--- Source material Enclosed Below ---

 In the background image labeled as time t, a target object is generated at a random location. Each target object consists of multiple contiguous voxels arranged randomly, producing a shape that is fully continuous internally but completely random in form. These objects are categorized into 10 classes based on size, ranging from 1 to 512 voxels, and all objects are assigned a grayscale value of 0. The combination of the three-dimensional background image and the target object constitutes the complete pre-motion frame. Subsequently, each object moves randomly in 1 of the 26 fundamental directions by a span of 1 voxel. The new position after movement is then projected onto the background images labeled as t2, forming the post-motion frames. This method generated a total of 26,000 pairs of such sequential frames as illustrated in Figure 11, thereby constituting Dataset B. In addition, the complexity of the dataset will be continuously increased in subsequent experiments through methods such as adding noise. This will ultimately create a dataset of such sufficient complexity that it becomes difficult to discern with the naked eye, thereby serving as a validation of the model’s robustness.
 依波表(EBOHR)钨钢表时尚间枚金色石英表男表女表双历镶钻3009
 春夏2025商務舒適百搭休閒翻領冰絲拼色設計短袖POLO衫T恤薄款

--- End of Enclosed Source material ---
--- Source material Enclosed Below ---

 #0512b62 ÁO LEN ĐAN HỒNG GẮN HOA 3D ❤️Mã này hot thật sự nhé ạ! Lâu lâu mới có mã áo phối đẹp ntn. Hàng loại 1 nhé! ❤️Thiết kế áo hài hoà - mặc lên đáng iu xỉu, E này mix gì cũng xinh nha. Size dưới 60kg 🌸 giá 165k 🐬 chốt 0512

--- End of Enclosed Source material ---
--- Source material Enclosed Below ---

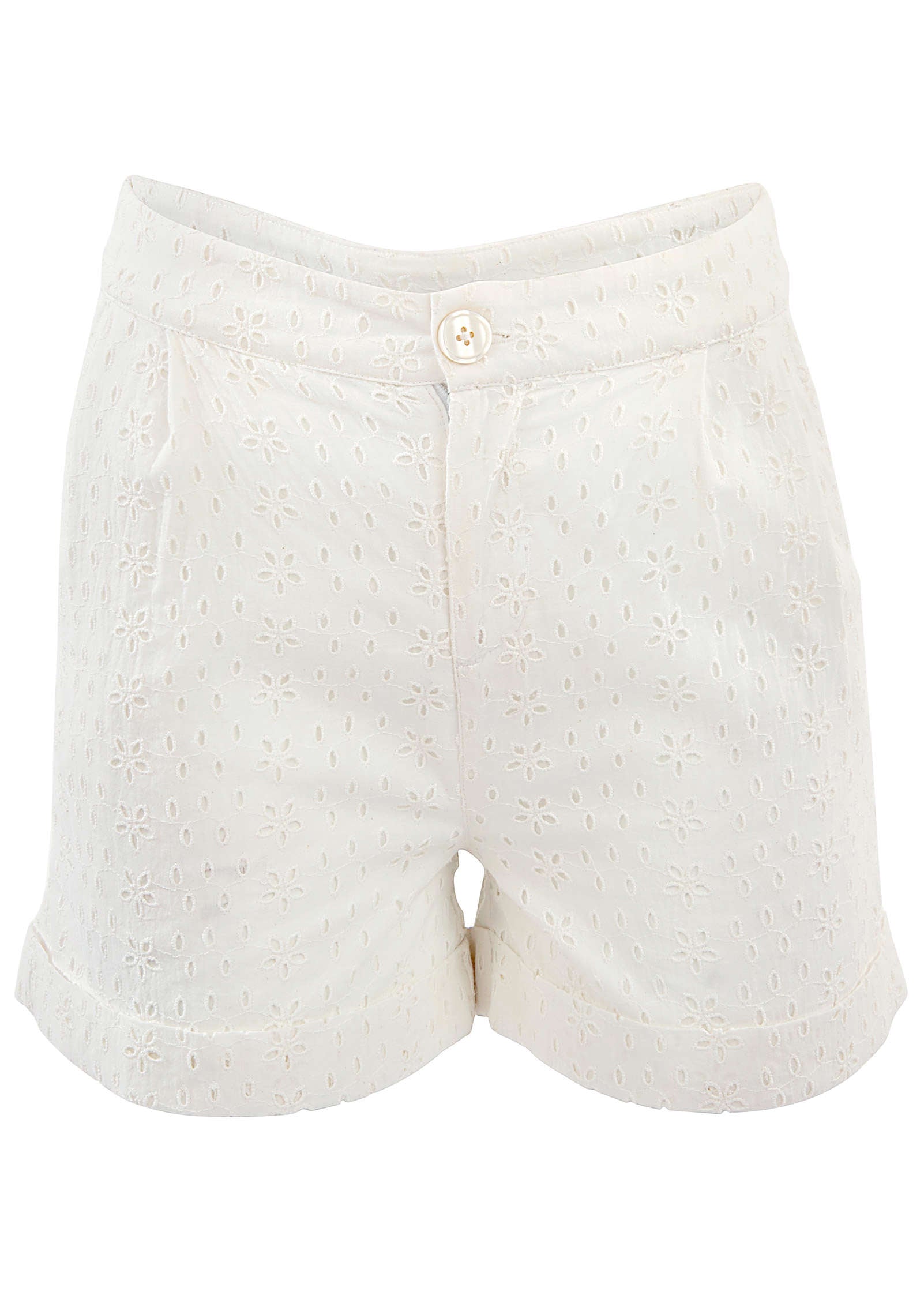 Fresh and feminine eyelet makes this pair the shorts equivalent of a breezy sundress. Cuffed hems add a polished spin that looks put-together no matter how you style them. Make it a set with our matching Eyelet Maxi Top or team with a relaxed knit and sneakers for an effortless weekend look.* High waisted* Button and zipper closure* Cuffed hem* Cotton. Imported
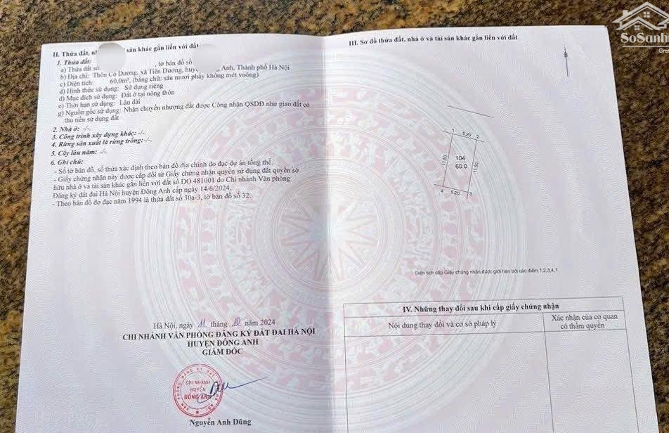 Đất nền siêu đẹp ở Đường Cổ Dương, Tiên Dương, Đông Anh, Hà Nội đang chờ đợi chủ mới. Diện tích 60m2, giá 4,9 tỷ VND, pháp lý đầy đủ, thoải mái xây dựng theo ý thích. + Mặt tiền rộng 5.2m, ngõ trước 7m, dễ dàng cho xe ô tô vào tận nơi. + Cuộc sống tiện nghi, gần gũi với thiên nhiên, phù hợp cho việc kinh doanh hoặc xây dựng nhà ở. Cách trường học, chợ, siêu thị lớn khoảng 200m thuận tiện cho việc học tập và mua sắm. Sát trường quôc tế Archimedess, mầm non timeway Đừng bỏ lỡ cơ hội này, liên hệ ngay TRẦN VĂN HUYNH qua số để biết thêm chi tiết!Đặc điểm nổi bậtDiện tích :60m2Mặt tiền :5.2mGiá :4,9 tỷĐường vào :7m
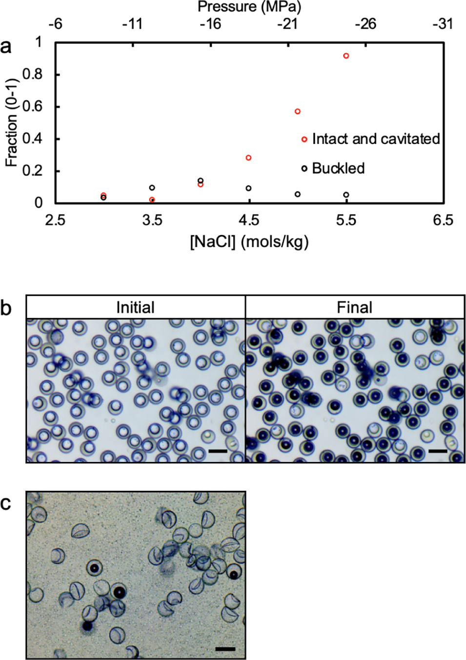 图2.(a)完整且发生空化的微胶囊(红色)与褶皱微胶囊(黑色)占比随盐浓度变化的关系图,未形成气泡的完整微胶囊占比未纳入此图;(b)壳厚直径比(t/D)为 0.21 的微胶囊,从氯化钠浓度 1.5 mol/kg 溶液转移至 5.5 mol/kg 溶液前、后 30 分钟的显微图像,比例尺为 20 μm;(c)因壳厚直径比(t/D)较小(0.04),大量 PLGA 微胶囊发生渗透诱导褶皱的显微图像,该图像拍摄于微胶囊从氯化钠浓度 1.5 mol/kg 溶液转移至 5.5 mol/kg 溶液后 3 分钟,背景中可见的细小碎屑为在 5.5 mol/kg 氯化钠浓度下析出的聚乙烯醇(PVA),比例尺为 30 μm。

--- End of Enclosed Source material ---

▶ **Exercise**: Exactly the lines above from the one that contains "Đất nền siêu" down to the one that contains "氯化钠浓度下析出的聚乙烯醇(PVA),比例尺为 30 μm。" are to be output, both ends kept and pictures omitted.

▶ **Result for this exercise**:
 Đất nền siêu đẹp ở Đường Cổ Dương, Tiên Dương, Đông Anh, Hà Nội đang chờ đợi chủ mới. Diện tích 60m2, giá 4,9 tỷ VND, pháp lý đầy đủ, thoải mái xây dựng theo ý thích. + Mặt tiền rộng 5.2m, ngõ trước 7m, dễ dàng cho xe ô tô vào tận nơi. + Cuộc sống tiện nghi, gần gũi với thiên nhiên, phù hợp cho việc kinh doanh hoặc xây dựng nhà ở. Cách trường học, chợ, siêu thị lớn khoảng 200m thuận tiện cho việc học tập và mua sắm. Sát trường quôc tế Archimedess, mầm non timeway Đừng bỏ lỡ cơ hội này, liên hệ ngay TRẦN VĂN HUYNH qua số để biết thêm chi tiết!Đặc điểm nổi bậtDiện tích :60m2Mặt tiền :5.2mGiá :4,9 tỷĐường vào :7m
 图2.(a)完整且发生空化的微胶囊(红色)与褶皱微胶囊(黑色)占比随盐浓度变化的关系图,未形成气泡的完整微胶囊占比未纳入此图;(b)壳厚直径比(t/D)为 0.21 的微胶囊,从氯化钠浓度 1.5 mol/kg 溶液转移至 5.5 mol/kg 溶液前、后 30 分钟的显微图像,比例尺为 20 μm;(c)因壳厚直径比(t/D)较小(0.04),大量 PLGA 微胶囊发生渗透诱导褶皱的显微图像,该图像拍摄于微胶囊从氯化钠浓度 1.5 mol/kg 溶液转移至 5.5 mol/kg 溶液后 3 分钟,背景中可见的细小碎屑为在 5.5 mol/kg 氯化钠浓度下析出的聚乙烯醇(PVA),比例尺为 30 μm。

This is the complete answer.